# Mechanical vibration: 2 springs attached horizontally to a wheel at a vertical distance a above the center, find the natural frequency of the system

Context: introductory mechanical vibrations, 300-level engineering. ISBN13: 978-0-13-287169-3

See problem solution below As seen in the "Potential Energy" section, the author writes that the distance the springs compress is $$s=(a+r)\theta$$When I derive $$s$$ I get $$\tan(\theta)=s/a$$ , $$s=atan(\theta)$$ , and by small angle approximation $$s=a\theta$$. How is he getting $$(a+r)$$?

• Presumably the wheel is rolling without slipping on the horizontal surface. That is where the additional $r\theta$ term comes from. – alephzero Feb 15 '19 at 19:23

For this kind of system we can assume that pure rolling happens at the point of contact between wheel and the surface. It means that there is no slip between the wheel and the surface so we can take the system to be at zero velocity at the point of contact. For calculation purpose we take this to be a reference point and calculate kinetic energy and potential energy about this point.

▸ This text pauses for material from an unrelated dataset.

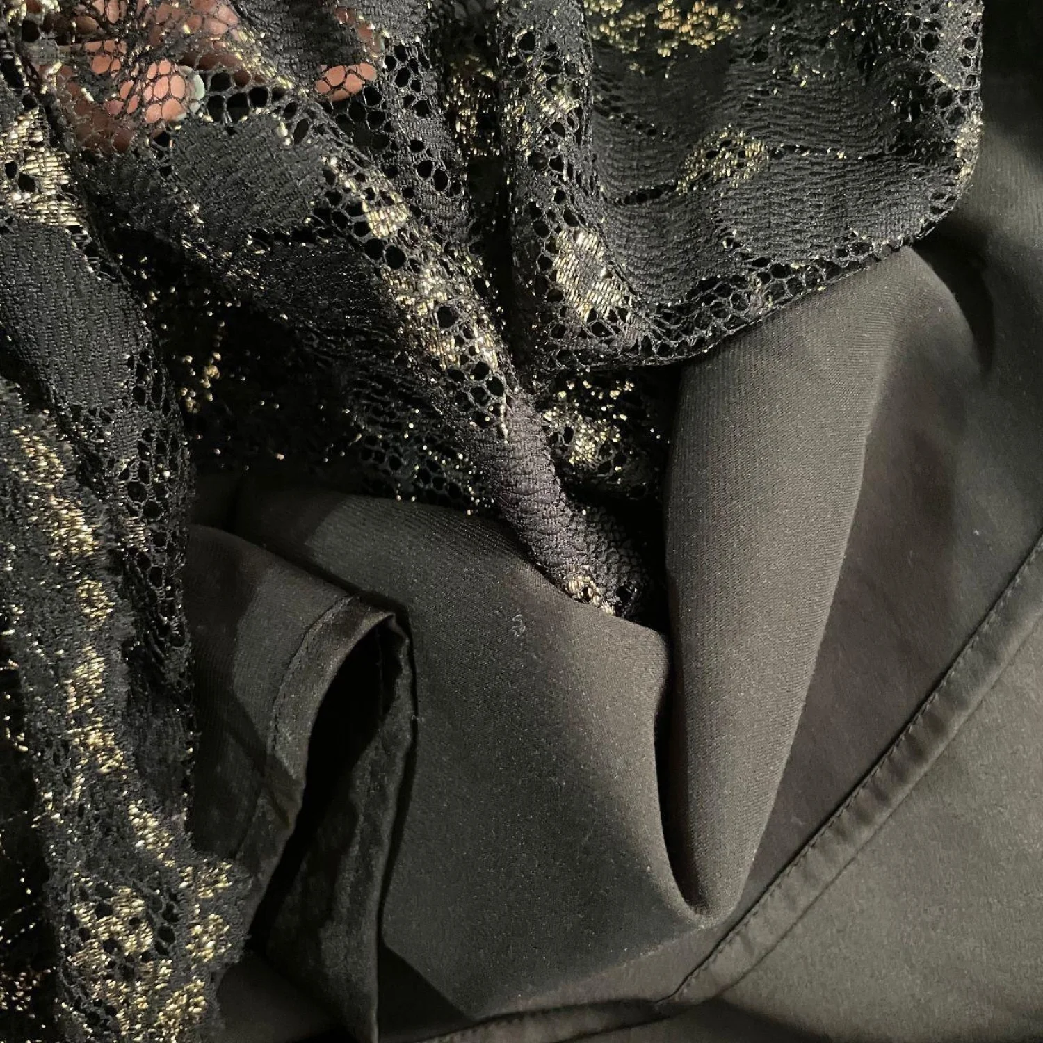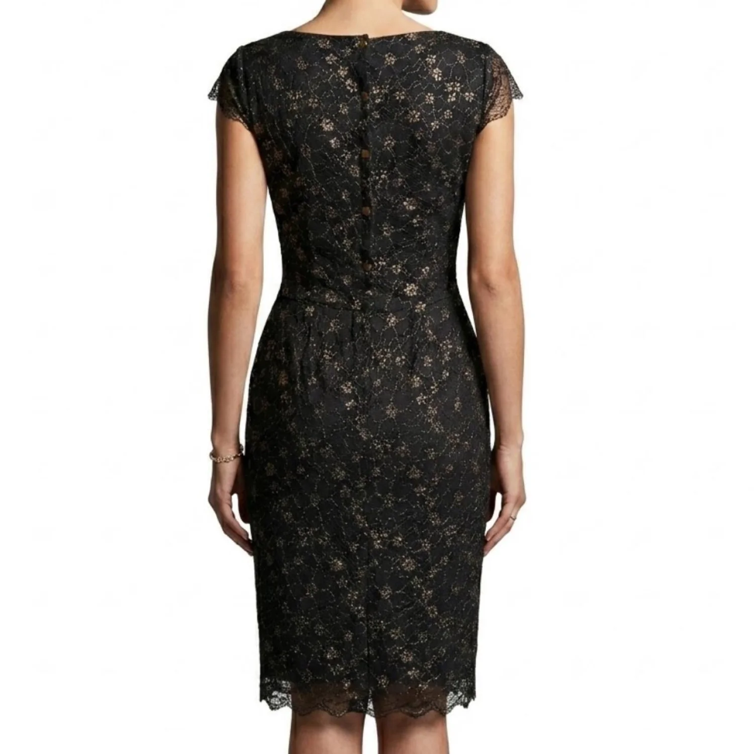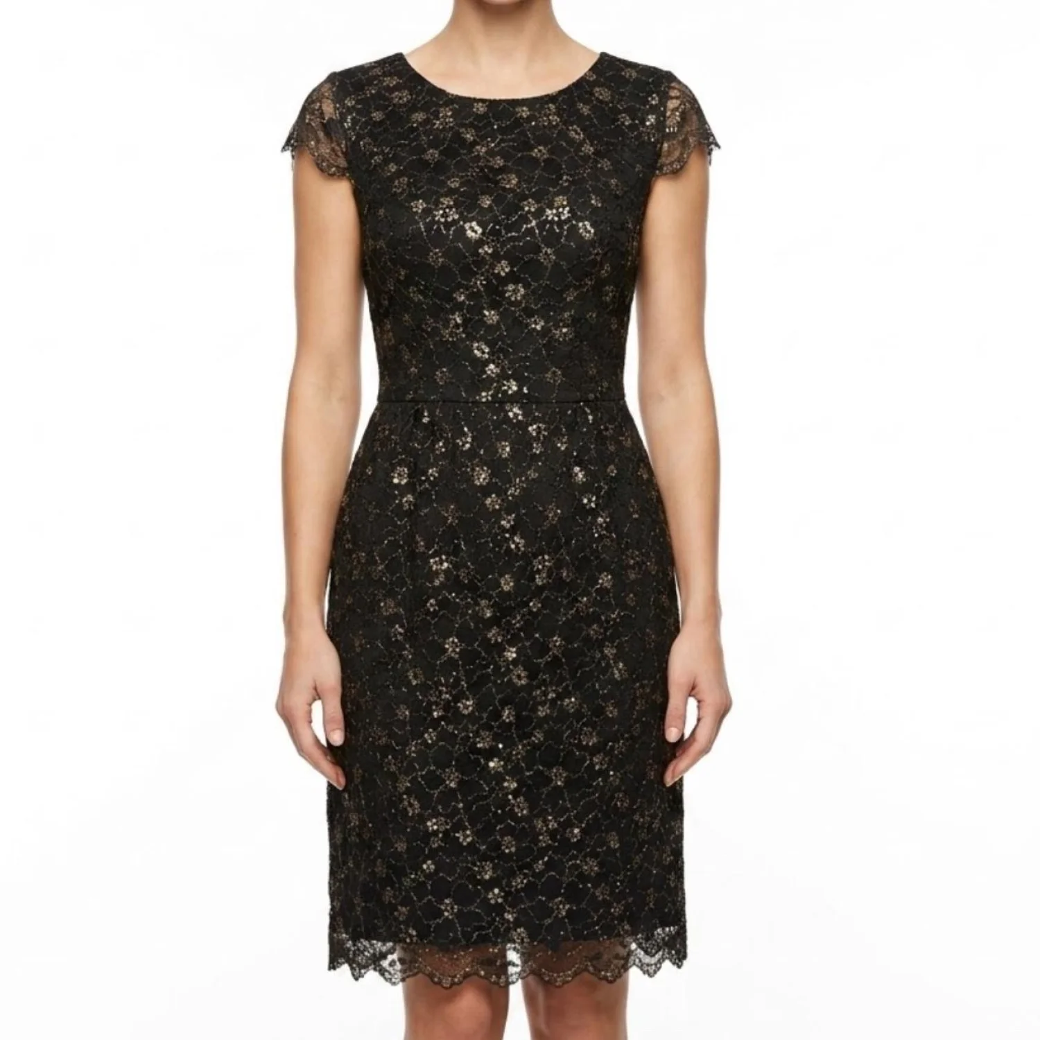 Gianni Bini Dark Coquette Black Gold Floral Metallic Lace Sheath Dress 12 Features: Dripping in moody opulence. This heavy-weight floral lace sheath features a shimmering gold metallic thread woven throughout a deep black base. The silhouette is sharp with defined cap sleeves and a scalloped eyelash lace hem that hits right at the knee. A structured bodice feeds into a subtle flared skirt, while the back features a unique gold-tone button detail and a hidden zipper for a seamless fit. • Style Profile: Dark Coquette, Whimsigoth, Gothic Romance, Holiday Party, Metallic Floral, Cocktail, Sheath Silhouette, Eyelash Lace, Moody Aesthetic, Dark Academia, Formal Night, Evening Wear, Luxe Texture • Flaws: No Holes, stains, or tears • Please see the photos for measurements (in inches). PTP: 18.5' Length: 36-37' Happy to answer your questions! Super Fast Shipper! Bundle items for discounts!

If the wheel were rotating around its center, then the small-displacement approximation of motion at point $$s$$ would be $$a\theta$$ in the horizontal direction (and the corresponding movement at the bottom of the wheel would be $$r\theta$$ in the opposite direction).

Instead, however, the wheel is rotating around its point of contact with the underlying base. The small-displacement motion is therefore identical to that of a wheel centered at the point of contact, which is $$(r+a)\theta$$ horizontally at point $$s$$ (and $$0$$ at the bottom of the wheel, which is consistent with the figure). Does this make sense?

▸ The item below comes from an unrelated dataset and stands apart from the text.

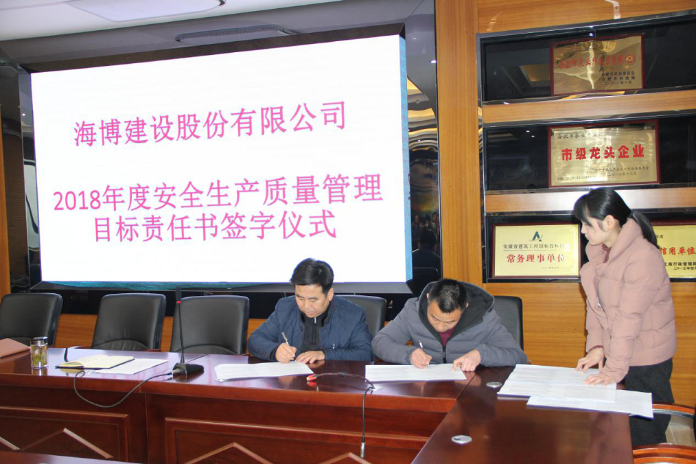 會議還組織了公司法定代表人曹成穩(wěn)經(jīng)理與在建項目的項目經(jīng)理共同簽訂了“2018年度安全生產(chǎn)質(zhì)量管理目標責任書”,并要求各項目部認真貫徹《落實全員崗位安全生產(chǎn)責任制實施辦法通知》精神,深入開展冬季安全檢查,突出重點,全面排查和整治各類事故隱患,加強重大危險源的安全監(jiān)控,積極為春節(jié)和全國“兩會”營造安全穩(wěn)定的社會環(huán)境。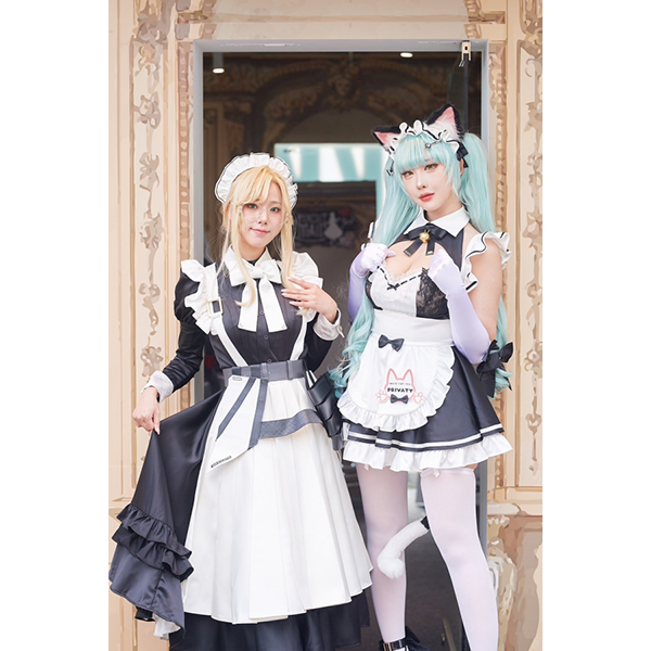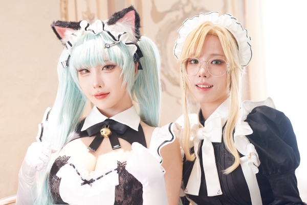 지상 에너지 카페 입구에서는 슈마 에이드와 야살 프리바티메이드가 지휘관을 맞이했다.

• Hi Chemomechanics. Thank you for your response. Yes, it makes sense that if the situation is how you describe it then the displacement of the springs is $(a+r)\theta$. However, suggesting that the wheel is fixed at its bottom and not its center sounds absurd to me: that means it would pass through the floor when rotated. I will think about it some more since this does give the answer the author provided, but could you maybe suggest why one would model a wheel to rotate about one of its radii and not its center (since that's not how they behave realistically)? – Lespiegle Feb 16 '19 at 14:39
• Do you agree that, because of how the author drew $\theta(t)$ (there is supposed to be a theta in front of the (t) describing the arc in the first quadrant of the wheel. I didn't see that it was missing in the picture), that rotation is given to be around the center of the wheel, not its bottom? I thought about it some more, and the system would behave how you described it if it was assumed that the springs are suspending the wheel just enough to displace its weight but to still allow it to contact the ground. – Lespiegle Feb 16 '19 at 14:56
• One more thing to add. The solution (not shown in the picture I gave) later says J, the moment of inertia of the disk, is equal to $1/2 mr^2$. This would not be true if it is not rotating about its center. Is that correct? – Lespiegle Feb 16 '19 at 15:17
• 1. My best recommendation to gain intuition here is to cut out a disc and actually play with it, drawing the paths as it rotates under different contact scenarios. 2. I don’t agree with either of these; the disc both rotates and translates, and the springs don’t necessarily need to offset its weight. 3. The rotation is decoupled when considering the kinetic energy, so the rotational moment of inertia can be applied here. – Chemomechanics Feb 16 '19 at 18:07
• I think I will have to set this thought aside until I become a better engineering student. For now, should I always think that a wheel resting on a surface (with all simplifying assumptions as usual) will rotate about the point of contact, not its center? Or is there something about this scenario that makes it atypical? – Lespiegle Feb 16 '19 at 23:26

The disk is rotating without slippage around its center. Ans its angular moment of inertia is:

$$\ I\ =1/2 mr^2$$

But potential energy of springs, is 1/2 square their displacement times K, which for small angle is horizontal and moves at the point of connection to the disk at height of a+r.

So for the strain energy of the springs the statement $$s= (a+r)\theta$$ And $$\ U=2[\frac{1}{2}kx^2]=\ k(a+r)^2\theta^2$$

Is correct.

Let's imagine the springs were connected to a point even outside of the disk 3 times its radius via a weightless lever. still the S would be $$\ 4r\cdot\theta \$$ and would not effect the $$I$$ of the disk and its kinetic energy.